§ Excerpts from a dataset
# # # # # # #

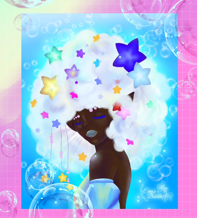 On dit qu’elle a souvent la tête dans les nuages quand en réalité elle a un nuage sur la tête. Découvrez Afro fantaisie une illustration fantastique basée sur l’expression « avoir la tête dans les nuages » une illustration haute en couleur et imaginative.
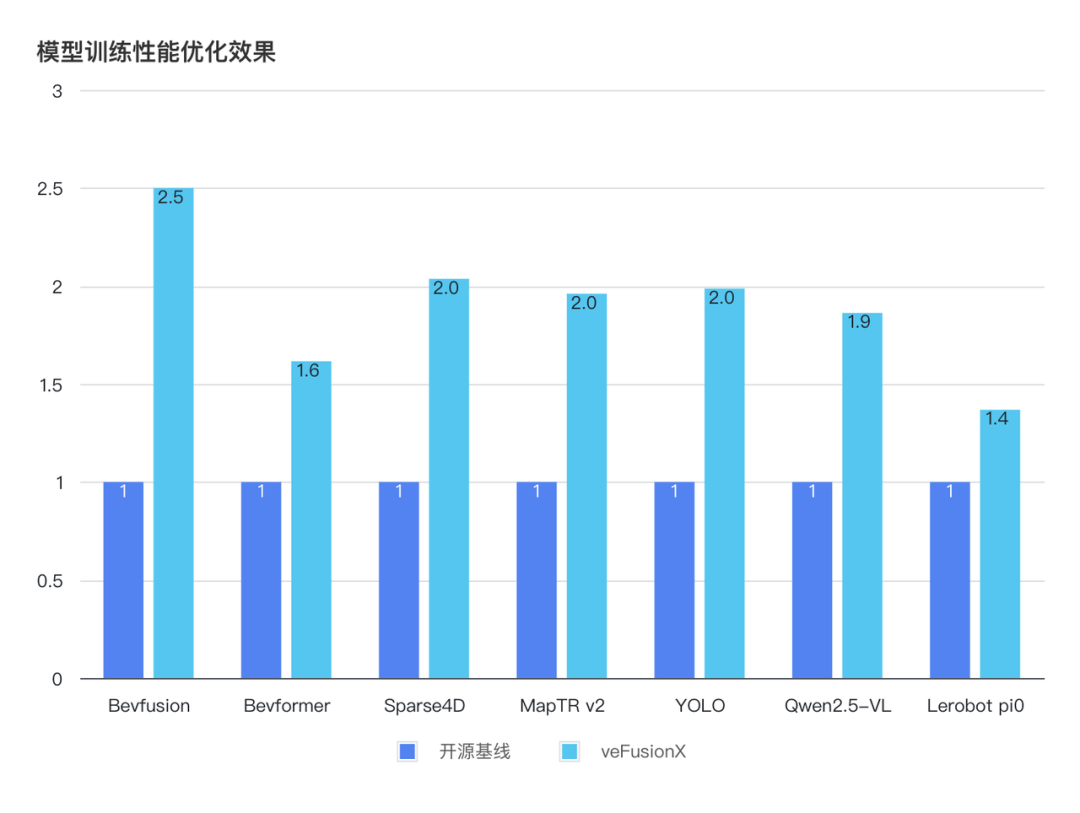通过这些多维度的优化,veFusionX 显著提升智驾模型的训练性能:
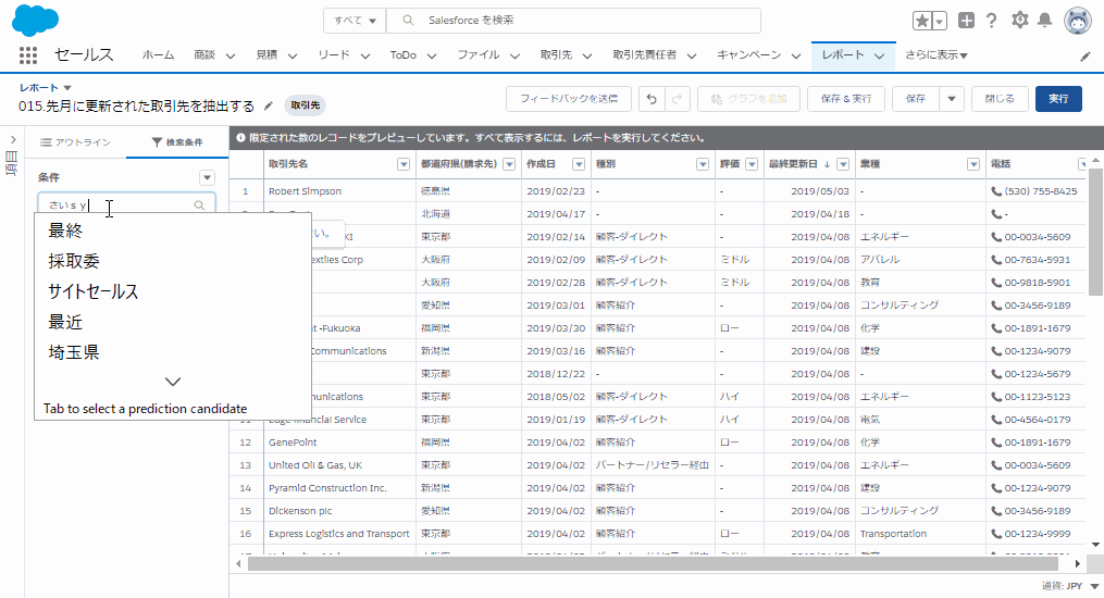 3.レポートタイプ「取引先」を選択します
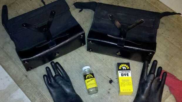 Tinte de cuero de Fiebing puede encontrarse en una tienda local de la flota y la granja en la sección de silla de montar del caballo. Este producto de tinte líquido tiene un hisopo de algodón en la parte superior de la tapa para aplicar el líquido sobre el producto. 4 oz botella de colorante fue apenas suficiente para ambas bolsas.
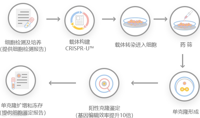 图:CRISPR-U™编辑的ARPE-19细胞模型的客制化产品流程

# # # # # # #

§ PROBLEM
Copy out exactly the lines between the line containing "Tinte de cuero" and the end of the entries, including both, and leave the pictures behind.

§ OUTPUT FOR THIS TASK
 Tinte de cuero de Fiebing puede encontrarse en una tienda local de la flota y la granja en la sección de silla de montar del caballo. Este producto de tinte líquido tiene un hisopo de algodón en la parte superior de la tapa para aplicar el líquido sobre el producto. 4 oz botella de colorante fue apenas suficiente para ambas bolsas.
 图:CRISPR-U™编辑的ARPE-19细胞模型的客制化产品流程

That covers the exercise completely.